In questa fase che sta cominciando col il Gp del Giappone, il mondiale proverà a essere anche la grande epifania di qualcos’altro: Quartararo che batte Marquez, le categorie inferiori (Moto2 e Moto3) che partoriscono talentini, gare avvincenti. “La Moto2 per esempio – spiega Gresini – è una buona scuola per molti, questo motore aiuta, è più simile alla MotoGp come stile di guida. La competizione è alta, Ktm e Aprilia investono molto denaro, i giovani però cercano di andare andare subito in alto, il cambio generazionale è sempre veloce. Per i prossimi anni vedo alcuni italiani: Bulega, Di Giannantonio, Bastianini, Marini e Baldassarri. A loro è affidata la strada della MotoGp, a breve ci arriveranno”. Questi ragazzi sono tutti figli di Valentino Rossi, cresciuti nel ranch, hanno cominciato perché vedevano Vale vincere in tv.

 

Anche Valentino è un altro di quelli che dovrà trovare un nuovo senso alla sua carriera.

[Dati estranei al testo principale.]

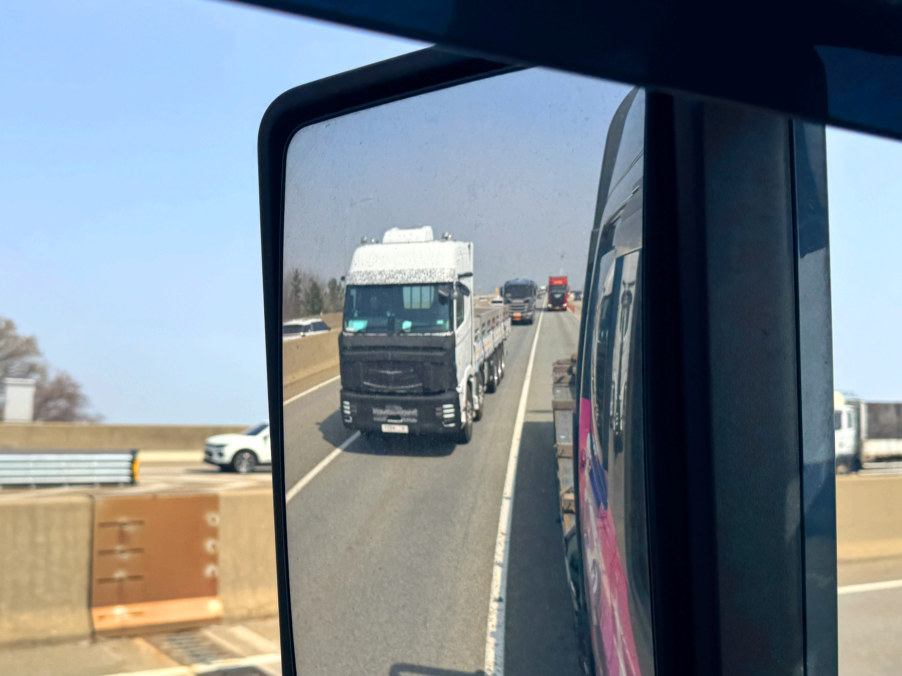 지난번에 본 차량과 달리 이번에 본 차량은 25톤 중축에 하이탑이 적용되었고 소문만 무성했던 전자식 사이드미러. 흔히 말하는 미러캠이 적용된 차량이었네요. 1축과 2축 사이에 무슨 센서가 또 하나 생기는 모양인데 가까이에서 차량을 볼 수 있어 흥미로웠습니다.

Anche lui, adesso che ha quarant’anni e non trova più il modo di essere feroce, dovrà prendere una decisione. “Il mercato 2020 è bloccato ma anche incredibilmente aperto, c’è il discorso legato alle scelte di Lorenzo: cosa fa, si ferma, prenderà un anno sabbatico come fece Prost con la Ferrari? Vedremo”. È’ un interesse che oscilla nella scrittura di un futuro nuovo. Lo spiega bene Paolo Scalera, direttore di GpOne, inviato da anni sui motori. Cominciò a seguire le moto che c’erano Agostini e Pasolini. “Noi abbiamo bisogno di serial winner. Ma ci vorrebbero in Moto2, in Moto3. Come succedeva una volta. A quel punto si creano i duelli, sono meccanismi diversi. Il limite d’età nelle categorie inferiori ha stravolto tutto. È come se nell’atletica contassero solo i 100 metri. Lo stesso nelle moto, sembra importante solo la MotoGp. Invece c’è bisogno di eroi, come nella tragedia greca”. L’antagonista c’è.